Multiplication on FPGAs is considered an expensive operation. For high throughput multiplier implementations where the result is calculated in a pipelined parallel fashion, large Logic Cell (LC) counts are required. The advent of fast-carry logic has allowed multiplier implementations to achieve sustainable speeds for many DSP operations. However for increasing bit size multiplication operations, high LC counts still provide poor FPGA device utilization limiting FPGAs from a wider range of DSP or arithmetic intensive applications.
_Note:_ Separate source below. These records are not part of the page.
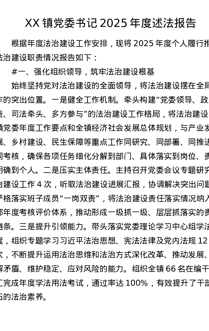 XX镇党委书记2025年度述法报告(2176字)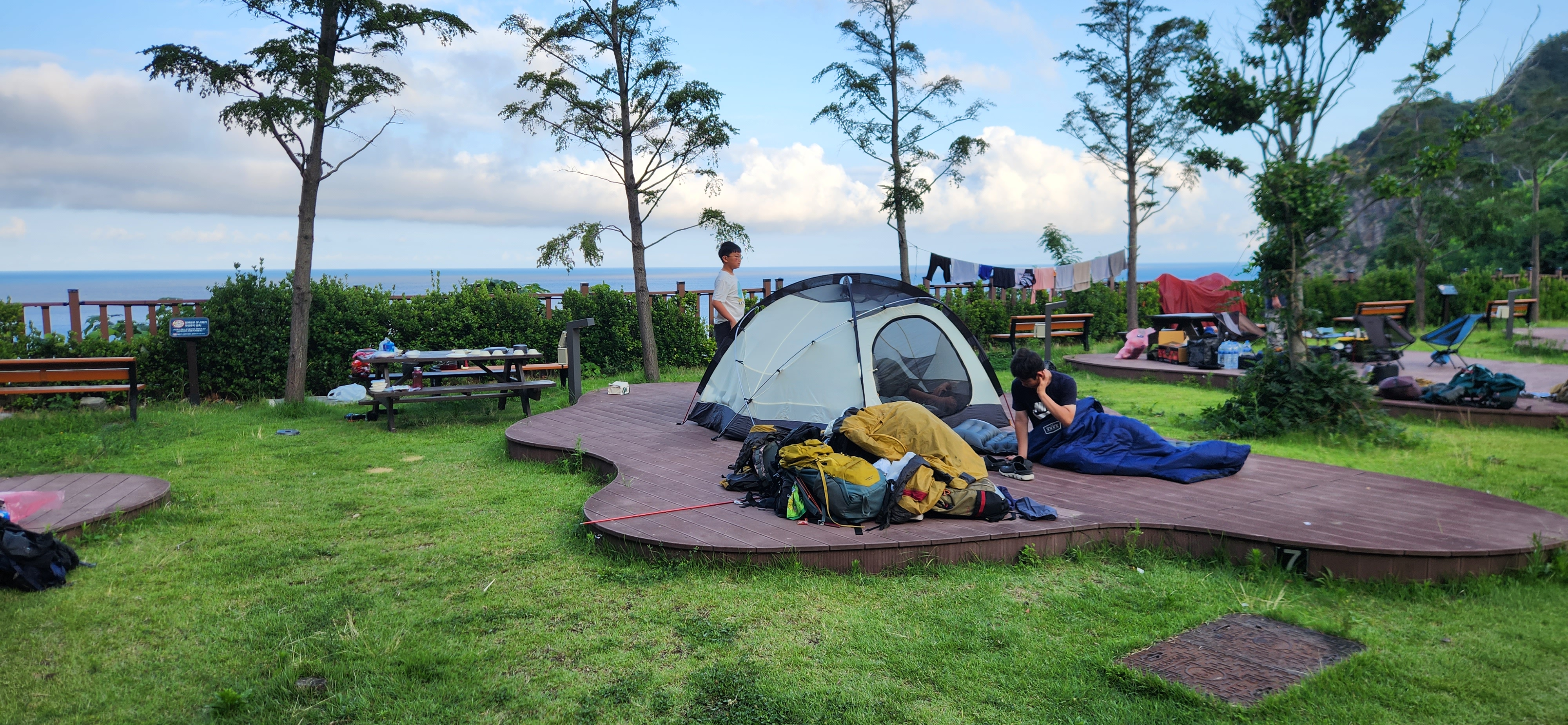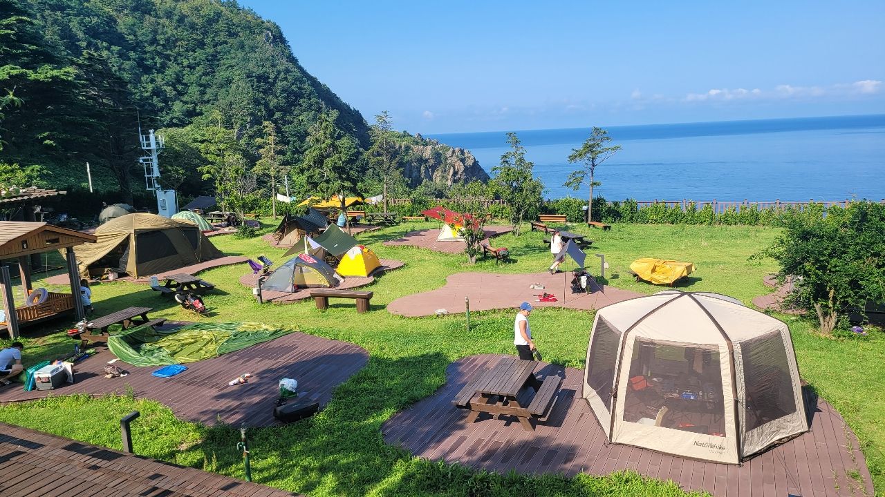 깃대봉 등반을 마치고 학포야영장으로 향한다. 학포야영장은 울릉도, 아니 대한민국에서도 손꼽히는 아름다운 야영장이다. 바닷가 중턱에 자리잡아서 탁트인 조망과 바닷가 기암괴석들이 그 아름다움을 더 한다. 그런데 여기는 인터넷 예약을 받지 않는다. 인터넷으로 예약을 받은 결과, 너무 일찍 매진되어 많은 민원이 발생하였다. 결국 예약은 받지 않고, 아침 9시 직원이 출근하여 순서대로 텐트 자리를 배정한다. 텐트 자리도 8면 밖에 되지 않는다. 배타고 오후에 도착하는 우리 일정 상 아침 일찍 줄을 서 텐트 자리를 잡는 것은 불가능하다. 결국 울릉도 지인들에게 부탁하기로 한다. 결국 지인 두분이 아침 4시부터 줄을 서서 텐트 2동 자리를 구한다. 이 자리를 빌어 수고해 주신 민정화씨에게 감사의 말씀을 전한다^^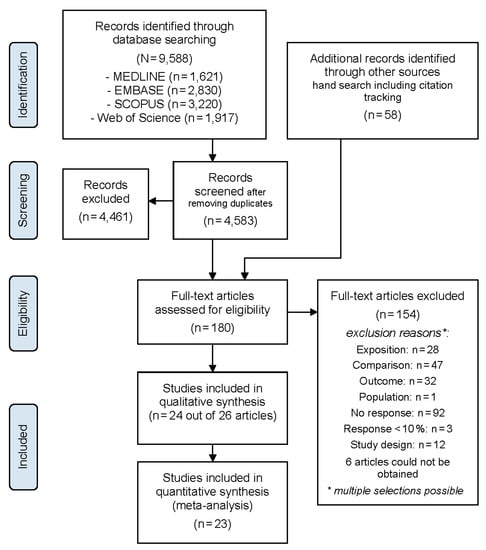 The database search found 4583 unique references (9588 with duplication). Title and abstract screening, citation tracking, and the reference list search identified 180 studies for the full text screening. We included 24 studies published (in 26 publications) between 1977 and 2019 [44,48,49,50,51,52,53,54,55,56,57,58,59,60,61,62,63,64,65,66,67,68,69,70,71,72]. Despite extensive searching, we were unable to obtain the complete text of six publications through our library and excluded 148 studies. The literature selection process is summarized in Figure 1.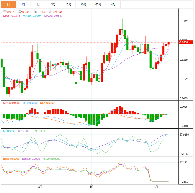 周五美元兑瑞郎延续五日连涨,已经突破周四高点0.9350。汇价自3月31日低点0.9195后强势反弹后稳固上扬。 基本面上,美元兑瑞郎在突破0.9350后录得内包线(Iidar)。汇价强势反弹后升破内包线表明看涨趋势将延续下去。自1月13日低点0.9092以来的趋势线以及3月低点0.9150将继续成功重要支撑位。汇价也从200A均线0.9
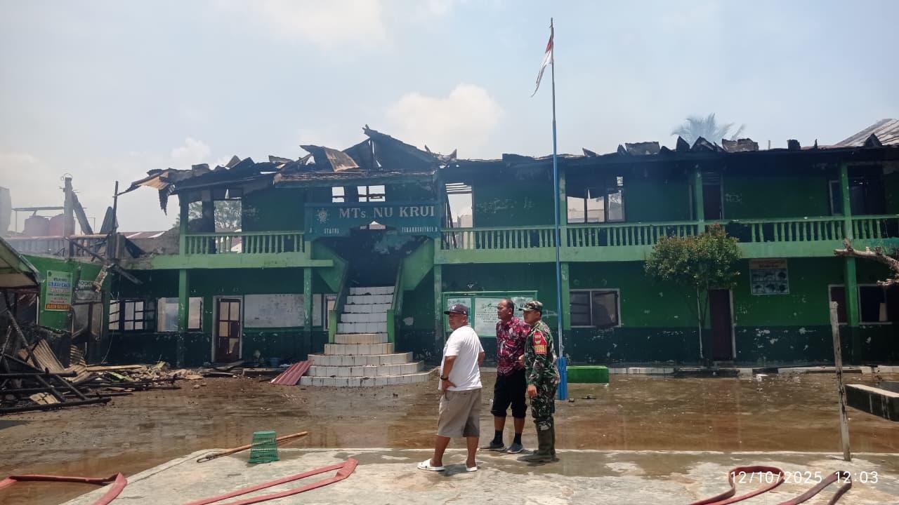 Pesisir Barat, (HalamantodayTV)- Kebakaran hebat melanda Madrasah Tsanawiyah Nahdlatul Ulama (MTs NU) Krui, Kabupaten Pesisir Barat, Lampun, Minggu (12/10/2025) sekira pukul 11.30 WIB.

Several techniques have been proposed to provide better utilization of the FPGA resources when implementing multiplication. Mintzer [6] noted that for fixed coefficient multiplication, by using distributed arithmetic and storing coefficient look-up information in the Look-Up Table (LUT) element of LCs within the FPGA, reduced logic implementations were achieved. Run-Time Reconfiguration (RTR) has been employed to update the content of LUTs to provide a new multiplicand value. Previous work has shown reconfigurable multiplier implementations on the XC6200 series FPGA [7,1]. Reconfiguration of LUT content is performed through the SRAM configuration interface using pre-computed configuration data. A novel approach named the Self-Configurable multiplication technique was presented by the author and ElGindy [10] for the Xilinx XC4000 series by performing the LUT reconfiguration on chip. On new input, the configuration data is computed on chip and stored into the LUTs in parallel. Other work to improve hardware efficiency for multiplier implementations suggests embedding arithmetic specific Flexible Array Blocks (FABs) capable of implementing a 4 x 4 bit multiplier, within a conventional FPGA structure [2].
However, each of these techniques results in a compromise. For the fixed coefficient technique, coefficient values cannot be updated. Reconfiguration of stored values requires additional time where the circuit is typically off-line while configuration takes place. Furthermore, for an FPGA with multiple logic cell types, segmentation in hardware utilization between the cell types occurs. This paper presents two alternatives for performing multiplication on FPGA architectures.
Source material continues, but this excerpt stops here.